Capitulo II – Educação Tradicional e Contemporânea

5. Perspetiva Universalista

5.1. Educação Exemplo de um valor universal

Um dos exemplos mais óbvios e consensuais de um valor universal é a própria educação, isto é, todas as pessoas, independentemente da cultura, religião, raça ou etnia, de viverem no Ocidente ou Oriente, têm o direito à educação e esta, por sua vez, é a garantia para que haja direito (Muniz, 2002).

A educação é um dos direitos fundamentais do ser humano, intimamente ligado ao direito à vida e constitui um instrumento fundamental para a realização humana.
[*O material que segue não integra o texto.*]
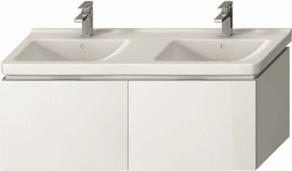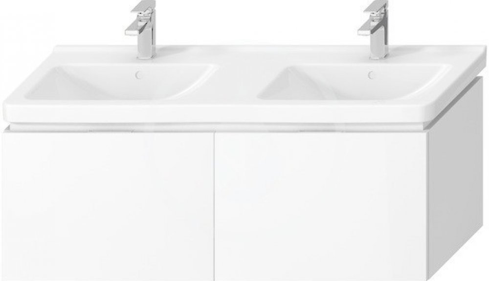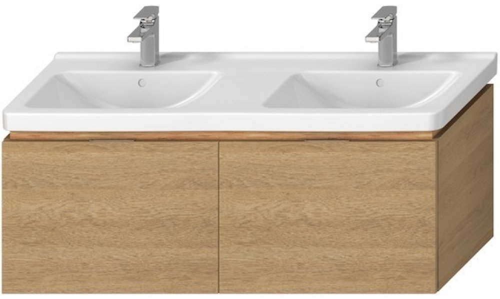 Skříňka pod dvojumyvadlo Jika Cubito Pure, 130 cm, 2 zásuvky, úchytky zapuštěné do hrany dvířek, s brzdou dovíraní, hrany ABS, lesklý lak.

A educação, enquanto direito universal, tem sido enfatizada na Declaração Universal dos Direitos do Homem, conforme previsto no seu artigo 26º:

Toda a pessoa tem direito à educação. (…) A educação deve visar à plena expansão da personalidade humana e ao reforço dos direitos do Homem e das liberdades fundamentais e deve favorecer a compreensão, a tolerância e a amizade entre todas as nações e todos os grupos raciais ou religiosos, bem como o desenvolvimento das atividades das Nações Unidas para a manutenção da paz.

A Declaração Universal dos Direitos do Homem reforça ainda a necessidade da utilização da educação como meio para promover o reconhecimento e a aceitação de outros direitos humanos, que é da responsabilidade de todos os Estados:

A presente Declaração Universal dos Direitos do Homem, como o ideal comum a ser atingido por todos os povos e todas as nações, com o

objetivo de que cada indivíduo e cada órgão da sociedade, tendo sempre em mente essa Declaração, se esforcem, através do ensino e da educação, por promover o respeito a esses direitos e liberdades (n.g.), e pela adoção de medidas progressivas de caráter nacional e internacional, por assegurar o seu reconhecimento e a sua observância universal e efetiva, tanto entre os povos dos próprios Estados-Membros quanto entre os povos dos territórios sob sua jurisdição.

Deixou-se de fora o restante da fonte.